GooseyLoosey you can benefit your child by bringing in the private tutors, if the system lets you down. Seriously.

OutragedAtThePriceOfFreddos · 01/05/2012 10:58

Forcing all children to go to their local school wouldnt solve anything. People would carry on doing what they are already doing and either buy their way into good catchments or be stuck with what they have. Money would still have a very big influence.

So the only way to achieve what some posters want would be to have a lottery system, so that there really was a true mix in every school. But the you woudo have siblings at different schools, children having to travel further away than they shudo have to or their parents could afford them to, it woudo be equally as divisive for communities whose children would all be going off in different directions. You would have to subsidise or pay the cost of all this extra transport through taxation, when the money would be better spent improving parenting at the failing schools. Traffic would be worse and emissions would be worse.

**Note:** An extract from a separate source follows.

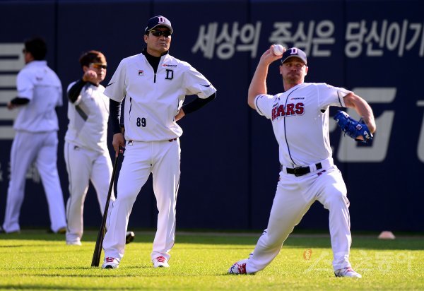 17일 서울 잠실야구장에서 ‘2017 타이어뱅크 KBO리그’ 두산 베어스와 NC 다이노스의 플레이오프 1차전 경기가 열린다. 경기 전 두산 한용덕 코치가 보우덴의 투구를 살펴보고 있다.
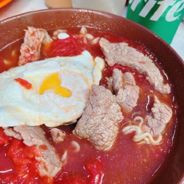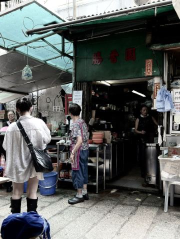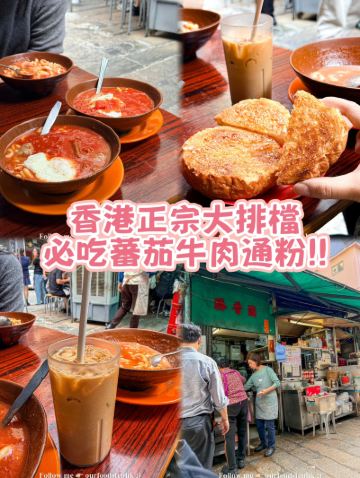 Leo-Greg冒着雨,從西營盤過來。轉悠了好幾個街巷,怎麼也沒想到要找的店是搭的這樣一個棚棚!原來路上碰到的幾個遊客也都是來這裏打卡的啊!落座。他家最有名的是番茄,點了碗番茄紅腸面,要了份奶油多士和奶茶。不停有人來邊吃邊拍照打卡。味道真是不錯。番茄醬據說是熬好幾個小時才出的味,濃郁。多士香脆。後來再次來這裏早餐,還想吃對面的九記牛腩,可惜遇到暴雨停業 ,他家的棚也收了,留下乾乾凈凈的空地。極好

Does that really sound like a good solution? Really?

happygardening · 01/05/2012 11:00

echt
"No need to ban private ed. Just ban such schools from choosing those whom they educate."
Maybe I'm being thick here but by charging it becomes self selecting!

TheOriginalSteamingNit · 01/05/2012 11:01

Well, not quite Happy - I did say it wasn't about that, and what I meant was that distribution of wealth is another issue.

I agree with you that most people educating in this way have a lot of money - but disagree that the theory with segregated education is driven by resentment of this.

Besides which, what about the argument that lots and lots of parents at private school are as poor as church mice and drive beat-up Volvos, etc?

I genuinely think it's distasteful to hunt foxes - whether that's done by someone skint or loaded. I genuinely think you shouldn't segregate children by wealth - but have no problem with children having more money than my own.

That's really not what it's all about for me, so please don't misinterpret what I said as being such.